* WHAT THE EXERCISE ASKS
Would you transcribe the records below exactly, omitting every picture?

* RAW DATA
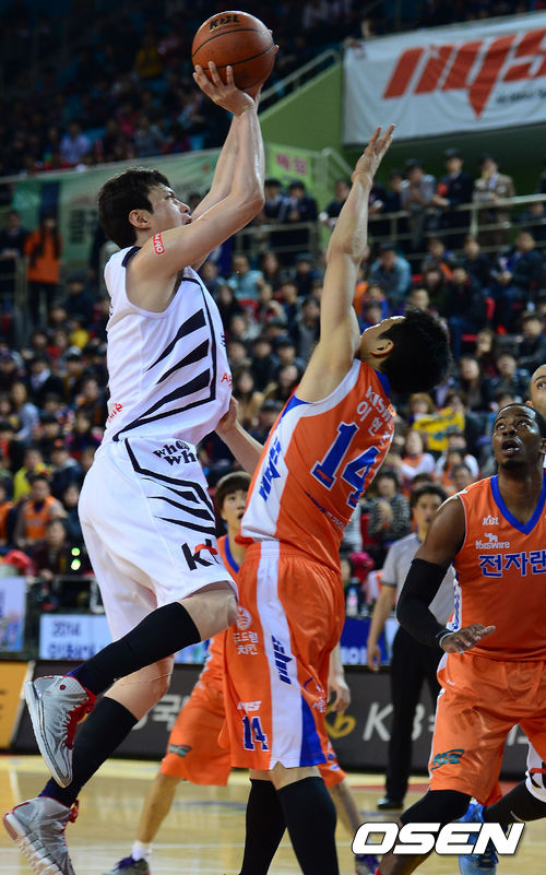 20일 오후 인천 부평구 삼산월드체육관 열린 '2013-2014 KB국민카드 프로농구' 6강 플레이오프 5차전 인천 전자랜드와 부산 KT의 경기, 3쿼터 KT 송영진이 전자랜드 이현호의 블로킹을 피해 점프슛을 날리고 있다.
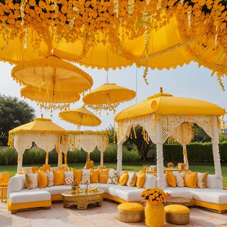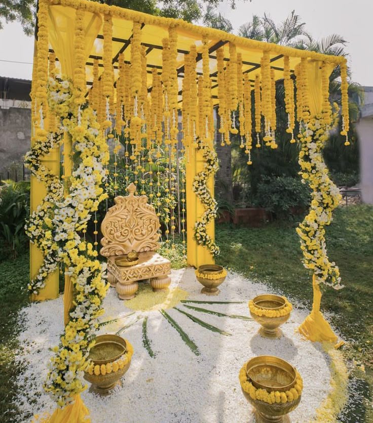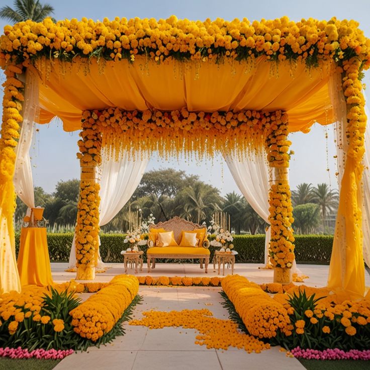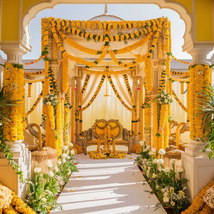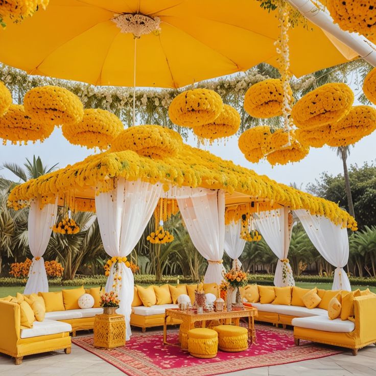 The Haldi ceremony is a joyful and auspicious pre-wedding ritual celebrated in Indian weddings, typically held a day before the wedding. In this tradition, a paste made of turmeric (haldi), sandalwood, rose water, and sometimes mustard oil is applied to the bride and groom by their family and close friends.
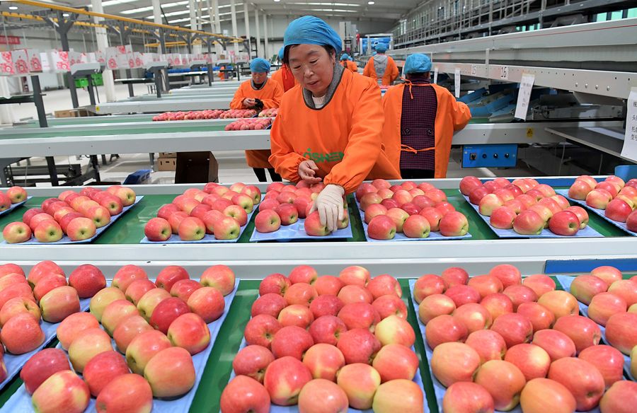 Staff members sort apples at a company in Shangge Township of Luoning County, central China's Henan Province, Oct. 14, 2019. Luoning County has been committed to developing apple planting industry, as a way to help local farmers lift out of poverty. (Xinhua/Li An)
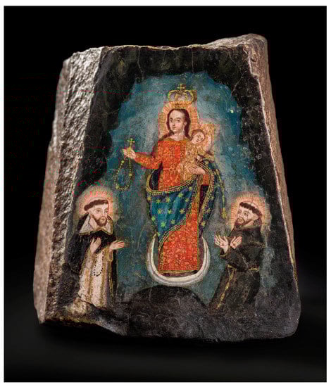 - Cummins, Tom. 1999. On the Colonial Formation of Comparison: The Virgin of Chiquinquirá, the Virgin of Guadalupe and cloth. Anales del Instituto de Investigaciones Estéticas 74–75: 65–71. [Google Scholar] [CrossRef][Green Version]
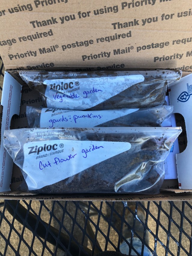 FINALLY!! The soil testing kit came in the mail! I ordered it from a company in Burlington, WA, http://www.simplysoiltesting.com/ not very far away from the Floret Flower Farm – where I ordered my seeds from…the soil testing kit took longer to get here than the seeds!!!
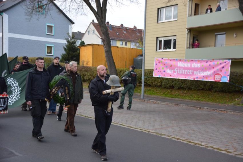 In many places, neo-Nazis hold regular marches through towns and municipalities: one example is an annual march held in the small city of Wunsiedel in Upper Franconia, Germany. Despite the numerous protests by citizens and complaints in front of the German Federal Constitutional Court, neo-Nazis use the town over and over again as “a place of pilgrimage”. Until 2011, the grave of Hitler’s deputy, Rudolf Hess, was located there. These commemorative marches became a firm fixture of the right-wing scene. Local people’s reactions to these demonstrations are well known and expected by those organizing marches. In particular, the idea of a violent escalation is part of the strategy of the neo-Nazi demonstrations.
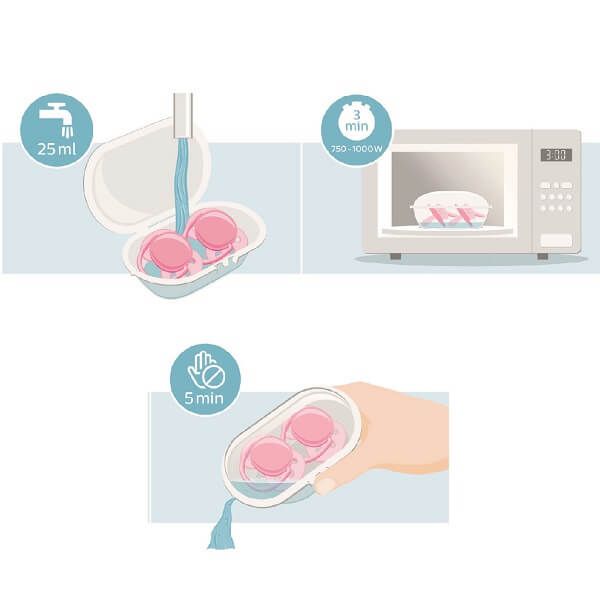 Положите в футляр хорошо промытые пустышки, добавьте 25 мл воды и поставьте его в микроволновую печь на 3 минуты при мощности 750-1000 Вт. Охладите в течение 5 минут, вылейте из футляра воду - и процесс завершен!
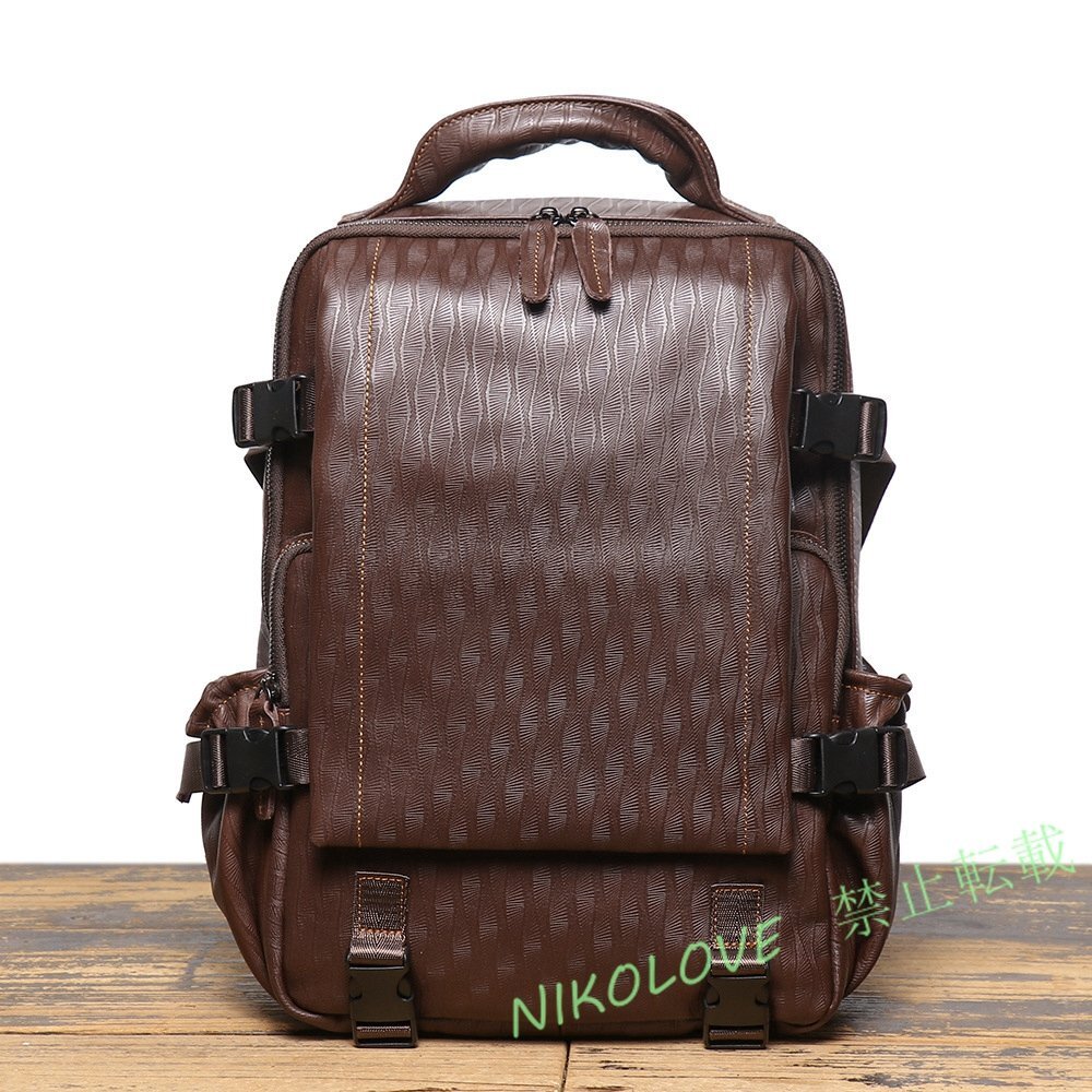 - ☆新品美品 リュック メンズ 本革 牛革 スクエア レザー 多機能 大容量 リュックサック バックパック ビジネスリュック コーヒー

* ANSWER AREA
 20일 오후 인천 부평구 삼산월드체육관 열린 '2013-2014 KB국민카드 프로농구' 6강 플레이오프 5차전 인천 전자랜드와 부산 KT의 경기, 3쿼터 KT 송영진이 전자랜드 이현호의 블로킹을 피해 점프슛을 날리고 있다.
 The Haldi ceremony is a joyful and auspicious pre-wedding ritual celebrated in Indian weddings, typically held a day before the wedding. In this tradition, a paste made of turmeric (haldi), sandalwood, rose water, and sometimes mustard oil is applied to the bride and groom by their family and close friends.
 Staff members sort apples at a company in Shangge Township of Luoning County, central China's Henan Province, Oct. 14, 2019. Luoning County has been committed to developing apple planting industry, as a way to help local farmers lift out of poverty. (Xinhua/Li An)
 - Cummins, Tom. 1999. On the Colonial Formation of Comparison: The Virgin of Chiquinquirá, the Virgin of Guadalupe and cloth. Anales del Instituto de Investigaciones Estéticas 74–75: 65–71. [Google Scholar] [CrossRef][Green Version]
 FINALLY!! The soil testing kit came in the mail! I ordered it from a company in Burlington, WA, http://www.simplysoiltesting.com/ not very far away from the Floret Flower Farm – where I ordered my seeds from…the soil testing kit took longer to get here than the seeds!!!
 In many places, neo-Nazis hold regular marches through towns and municipalities: one example is an annual march held in the small city of Wunsiedel in Upper Franconia, Germany. Despite the numerous protests by citizens and complaints in front of the German Federal Constitutional Court, neo-Nazis use the town over and over again as “a place of pilgrimage”. Until 2011, the grave of Hitler’s deputy, Rudolf Hess, was located there. These commemorative marches became a firm fixture of the right-wing scene. Local people’s reactions to these demonstrations are well known and expected by those organizing marches. In particular, the idea of a violent escalation is part of the strategy of the neo-Nazi demonstrations.
 Положите в футляр хорошо промытые пустышки, добавьте 25 мл воды и поставьте его в микроволновую печь на 3 минуты при мощности 750-1000 Вт. Охладите в течение 5 минут, вылейте из футляра воду - и процесс завершен!
 - ☆新品美品 リュック メンズ 本革 牛革 スクエア レザー 多機能 大容量 リュックサック バックパック ビジネスリュック コーヒー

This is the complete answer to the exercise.